Cardinality (unique combinations of metric name + tags) is the primary scaling constraint. A metric like http_requests{method, status, endpoint} explodes to millions of series with high-cardinality labels. The inverted index must efficiently map tag combinations to series IDs without consuming unbounded memory.
Requirements
Functional Requirements
| Feature | Priority | Scope |
|---|---|---|
| Metric ingestion (push model) | Core | Full |
| Range queries by time | Core | Full |
| Tag-based filtering | Core | Full |
| Aggregations (sum, avg, max, p99) | Core | Full |
| Downsampling and rollups | Core | Full |
| Retention policies | Core | Full |
| Alerting integration | High | Overview |
| Multi-tenancy | High | Overview |
| Distributed queries | High | Full |
| Cardinality management | High | Full |
| Exemplar storage (traces) | Medium | Brief |
| Anomaly detection | Low | Out of scope |
Non-Functional Requirements
| Requirement | Target | Rationale |
|---|---|---|
| Write throughput | 1M+ samples/sec per node | Modern infrastructure generates massive telemetry |
| Read latency (hot data) | p99 < 100ms | Dashboard refresh and alerting requirements |
| Read latency (cold data) | p99 < 5s | Historical analysis acceptable with higher latency |
| Storage efficiency | < 2 bytes/sample compressed | Cost-effective retention of years of data |
| Availability | 99.9% | Monitoring systems must be highly available |
| Data durability | 99.999% | Metrics are valuable for incident investigation |
| Retention | Raw: 15 days, Aggregated: 2 years | Balance granularity vs. storage cost |
Scale Estimation
Metric Sources:
- Hosts: 100K servers, containers, and VMs
- Metrics per host: 500 metrics (CPU, memory, disk, network, application)
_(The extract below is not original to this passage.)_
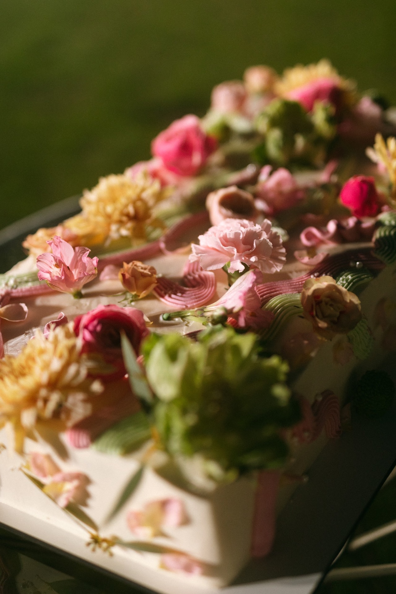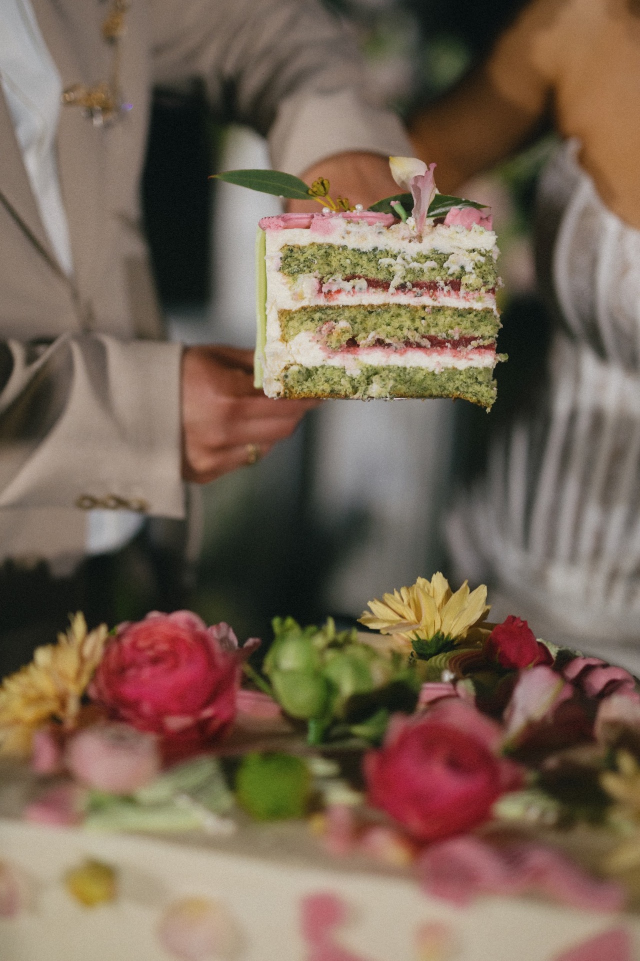 В моей голове давно был торт мечты. Я собирала его по картинкам из Pinterest и даже рисовала на бумаге, чтобы объяснить кондитеру. Сверху его украшали яркие и лёгкие цветы, а аккуратные волны вокруг напоминали течение чего-то спокойного, светлого, нежного в нашей жизни. Яркие цветы стали акцентом — символом насыщенности и яркости в ней. Начинка была из шпината и малины, это вновь отражало сочетание сладости и сдержанности.

- Collection interval: 10 seconds
Traffic:
- Samples/second: 100K hosts × 500 metrics / 10s = 5M samples/sec
- Daily samples: 5M × 86,400 = 432B samples/day
- Peak multiplier: 2x during deployments → 10M samples/sec burst
Storage (before compression):
- Sample size: 16 bytes (8-byte timestamp + 8-byte value)
- Daily raw: 432B × 16 bytes = 6.9TB/day
- With Gorilla compression (12x): 6.9TB / 12 = 575GB/day
- 15-day retention: ~8.6TB
- 2-year downsampled (1-minute aggregates): ~2TB
Cardinality:
- Unique series (metric + tags): 50M active series
- Series per host average: 500
- High-cardinality metrics (by request_id): Must be blocked or aggregated
Design Paths
Path A: In-Memory with Disk Spillover (Gorilla/Atlas)
Best when:
- Recent data is most valuable (last few hours)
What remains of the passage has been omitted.